Dans un entretien accordé au Monde des religions, le philosophe Denis Moreau, professeur à l’université de Nantes, établit un lien surprenant entre les tensions idéologiques actuelles et les anciennes hérésies du christianisme. Selon lui, notre époque, marquée par le rejet de l’universalisme et la montée du repli identitaire, réactive inconsciemment certains schémas de pensée issus des premiers siècles de la foi chrétienne.
Pour Denis Moreau, les débats contemporains sur la pureté militante ou la fragmentation sociale rappellent des doctrines autrefois condamnées par l’Église, comme le manichéisme ou le donatisme. Ces courants opposaient les « purs » aux « impurs », les « élus » au reste du monde — une logique que l’on retrouve aujourd’hui dans certains discours politiques et moraux.

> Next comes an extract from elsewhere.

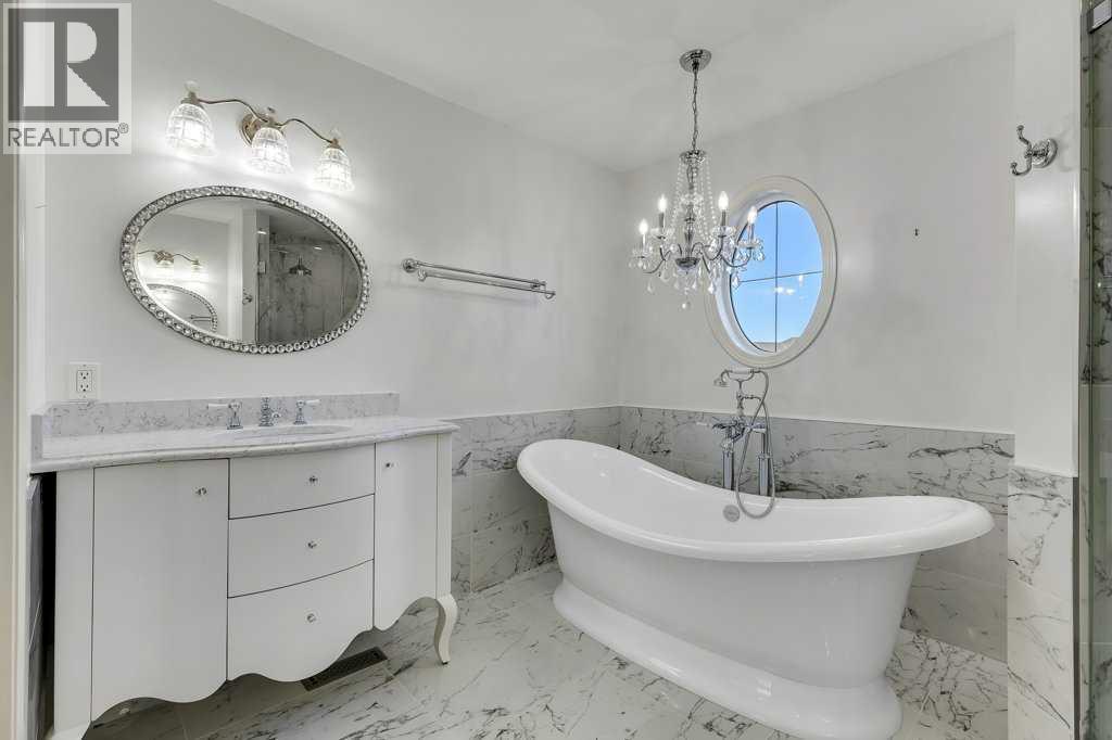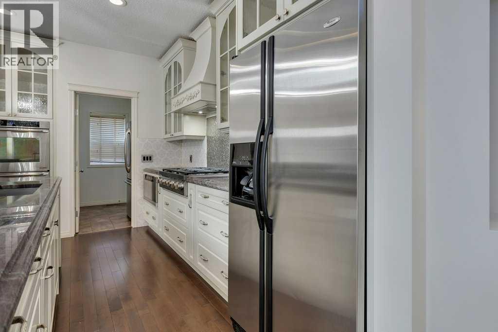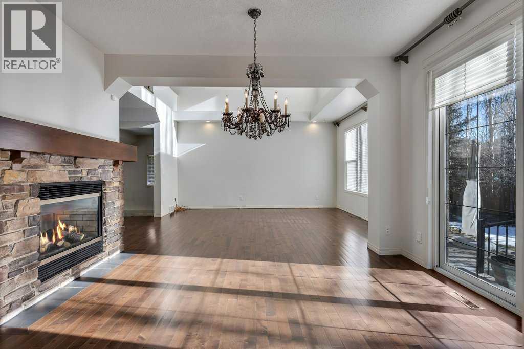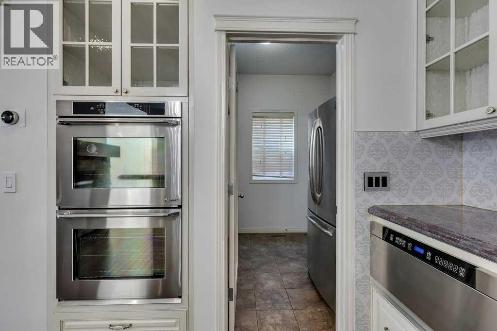 We are pleased to present this beautiful home, perfectly positioned on a large pie-shaped lot in a quiet cul-de-sac. Its striking curb appeal features a blend of stone accents and complementary stucco, setting the tone for the quality found throughout. Inside, the open floor plan showcases maple hardwood flooring, an expansive front entry, and abundant natural light from the large south-facing windows. The upgraded kitchen is a true highlight, offering a generous center island, stainless steel appliances, granite counters, gas stove, dual ovens, built-in microwave, and extensive cabinetry with elegant glass-front doors. A walk-in pantry with ample shelving connects conveniently to the mudroom and garage. A two-way fireplace adds warmth and ambience between the kitchen, living room, and dining area, all enhanced by soaring vaulted ceilings open to the upper level. The spacious main-floor office includes custom built-ins, mirrored closet cabinets, and a queen-size Murphy bed—ideal for a home workspace or an additional bedroom for guests. A well-appointed half bath completes the main floor. Patio doors with a retractable screen lead to the large south-facing patio, perfect for enjoying the sunshine. Upstairs, the primary suite features a walk-in closet and a beautifully upgraded five-piece ensuite with a luxury soaker tub, large walk-in shower, and updated fixtures. Two additional bedrooms, a four-piece bathroom, and upper-floor laundry provide comfort and convenience for the whole family. The lower level is roughed in and ready for your personal vision. Throughout the home, you’ll find custom Hunter Douglas blinds and shutters, including a remote-controlled blind for the high living-room windows. The professionally landscaped yard includes underground sprinklers with a controller, decorative lawn borders, a large latticed rear deck, an adjacent paving-stone patio, and front and back landscape lighting. The patio is equipped with a natural gas line, and both the f ence and deck were re-stained in 2024. Mature trees, shrubs, and perennials offer privacy and year-round beauty. This exceptional property is ready for new owners to make it their own. The location offers the perfect balance of nature and convenience, with quick access to river pathways, community walking trails, downtown, major routes north and south, and an easy drive west to the mountains. Please note: This is an estate sale. The property and all goods are sold "as is/where is". (id:58070)

Le philosophe estime que la modernité sécularisée, en croyant s’être affranchie de la religion, en reproduit paradoxalement certains réflexes. L’idée d’un salut individuel, d’une vérité exclusive ou d’une appartenance identitaire forte réapparaît sous des formes laïques, parfois militantes.
Son analyse invite à réfléchir sur la permanence des structures spirituelles dans la pensée contemporaine. Derrière les idéologies modernes se cachent, selon lui, des échos anciens que la société peine encore à reconnaître.